Let $i=\sqrt{-1}$
$$\frac{1}{\sqrt{-i}}=\frac{1}{\sqrt{(-1)i}}=\frac{1}{i\sqrt{i}}=\frac{-i}{\sqrt{i}}$$
And
$$\frac{1}{\sqrt{-i}}=\sqrt{\frac{1}{-i}}=\sqrt{\frac{-1}{i}}=\frac{i}{\sqrt{i}}$$
However,
$$\frac{-i}{\sqrt{i}}\ne\frac{i}{\sqrt{i}}$$
Where did I go wrong?
You are applying some well-known properties of the square root: $$\sqrt{ab}=\sqrt{a}\sqrt{b} \quad \mbox{and} \quad \sqrt{\frac{a}{b}} = \frac{\sqrt{a}}{\sqrt{b}}$$ but these do not hold in general. You probably saw and maybe even proved these for positive real numbers $a$ and $b$, but now you're applying them in a more general context - probably without asking yourself it these properties are still valid.
See also: Square roots of negative numbers.

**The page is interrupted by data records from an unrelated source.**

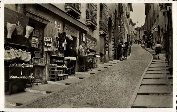 Ak Lugano Kanton Tessin Schweiz, Straße in Gebäude, Geschäfte, steile Straße
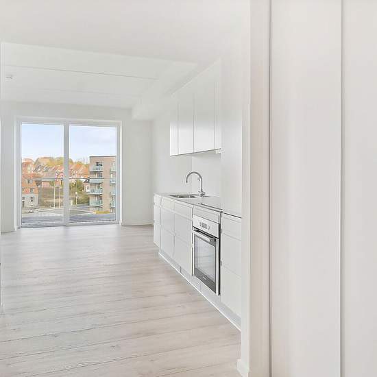 Lejlighederne varierer i størrelse fra 1 til 5-værelser. Du træder ind i entréen, hvorfra der er adgang til boligens køkken-alrum i direkte forbindelse med stuen. Fra køkken-alrummet har størstedelen af lejlighederne udgang til en altan eller terrasse, og de sydvendte gavllejligheder har endda store udeområder med udsigt over vandet. Der er anvendt store vinduespartier på tværs af ejendommen, som skaber optimalt lysindfald i lejlighederne og byder den unikke udsigt ind i boligerne. Fra køkken-alrummet er der adgang til boligens separate være...
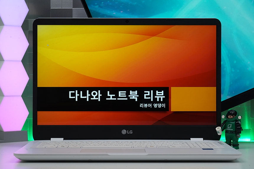 LG전자 2021 울트라PC 15UD50P-GX30K의 상판은 깔끔한 화이트 컬러로 제작되었습니다. 그래서 어느 장소에서 사용해도 부담이 적은 색상이라고 생각되었습니다. 특히 인터넷 강의를 시청하려는 분들이나 라이트한 작업을 하는 직장인들에게 유용할 것 같습니다.
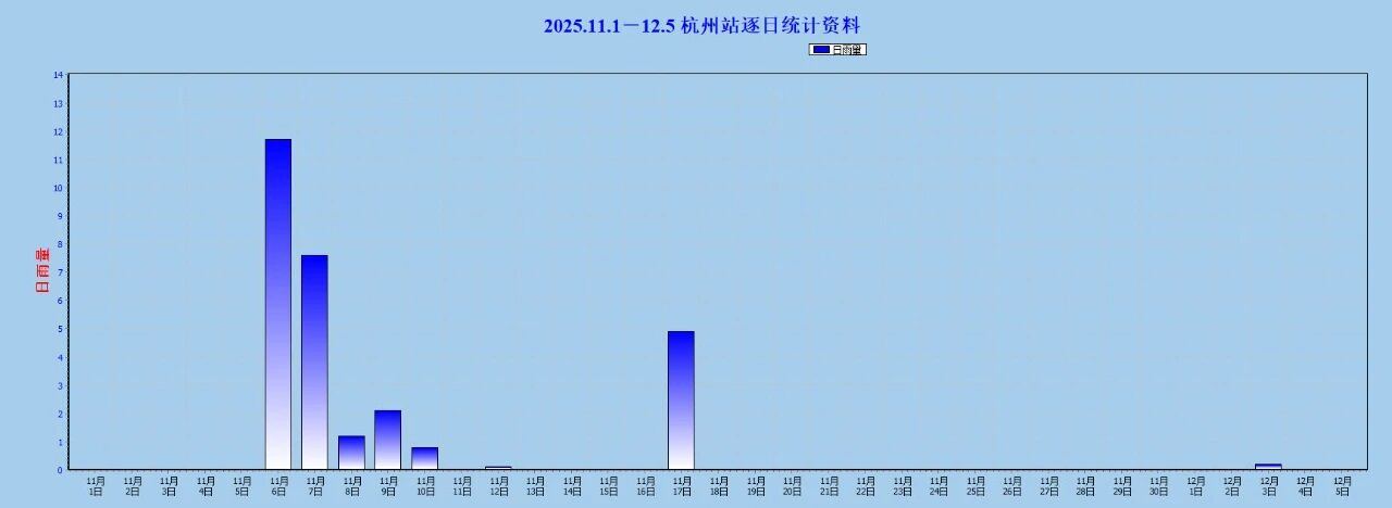 虽然12月3日的降水量仅有0.2毫米,但正如很多网友所说:“苍蝇腿也是肉”。毕竟,在此之前(11月18日至12月2日),杭州已经连续15天没有有效降水。而这之后一直到12月11日又是连续一周的无雨天气。
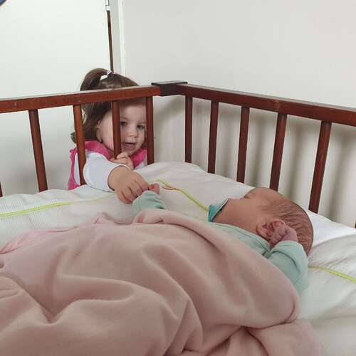 Zoontje wordt vandaag 2 jaar en dochter morgen 3 maanden. We hebben 'Bobbi en de baby' en 'Bobbi wordt grote broer' gelezen. Ook gaf hij veel kusjes aan de buik, die hij de baby noemde. Zijn eigen buik was ook een baby. 馃槀 Toen het wiegje eenmaal stond, ging hij daar vaak in kijken en vertelden we dingen als: 'als de baby er straks is, gaat de baby in het wiegje slapen. En een baby moet soms ook huilen, melk drinken bij mama' etc. Dat sloeg hij allemaal op en die verhaaltjes vertelde hij steeds meer na. Hij ging ook meer met de pop spelen, die hij een beetje als baby behandelde. Nu zijn zusje er al een tijdje is, is hij lief voor haar. Soms vindt hij het nog wel moeilijk dat ik met haar bezig ben, maar dat is ook niet gek.
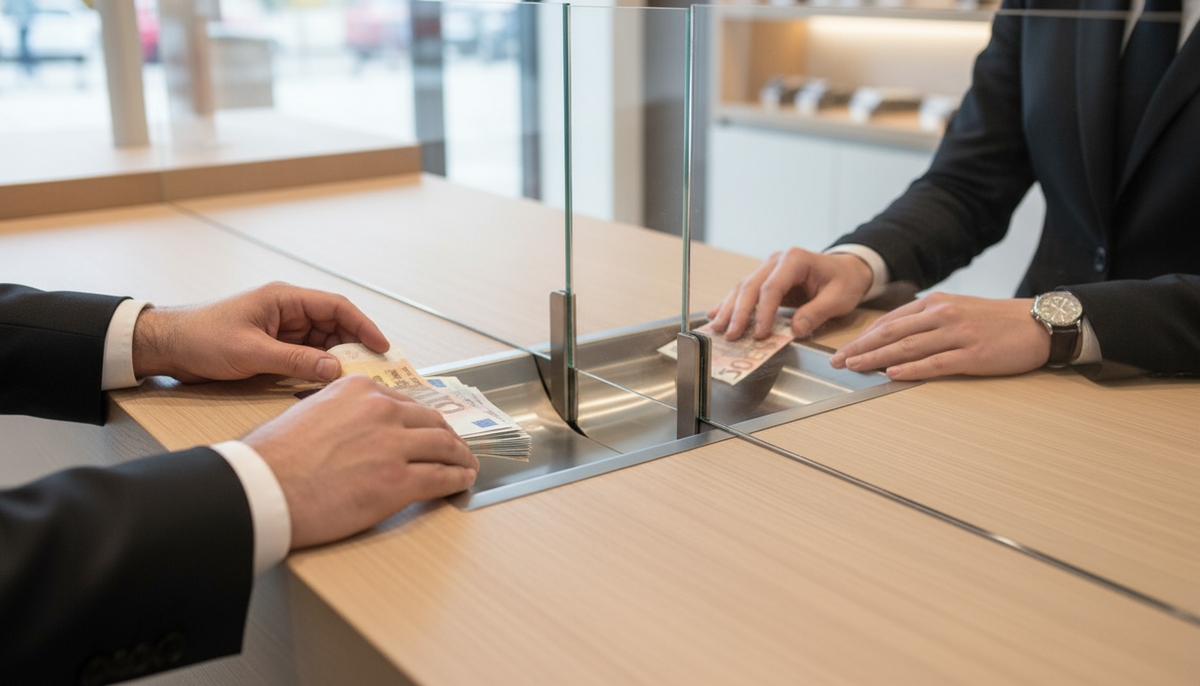 Diseño: De baja altura para paso rápido de billetes, monedas y tickets.

To complement the other answer,
$\sqrt z$ is a multivalued function. Once you choose a branch of $\log$, say the principal branch $\log z= \ln |z| + i \arg z$, $\arg$ is the principal argument, taking values in $(-\pi,\pi]$, you define:
$$\sqrt z = e^{\frac12 \log z}$$
Then $\sqrt 1 = 1$ but $\sqrt{-1} \sqrt{-1} = i \times i = -1 \neq \sqrt{-1 \times -1}$, so this function (square root) is not multiplicative, i.e. in general we don't have $\sqrt{ab} = \sqrt a \sqrt b$.
If you take any other branch you can similarly show that the resulting function is not multiplicative.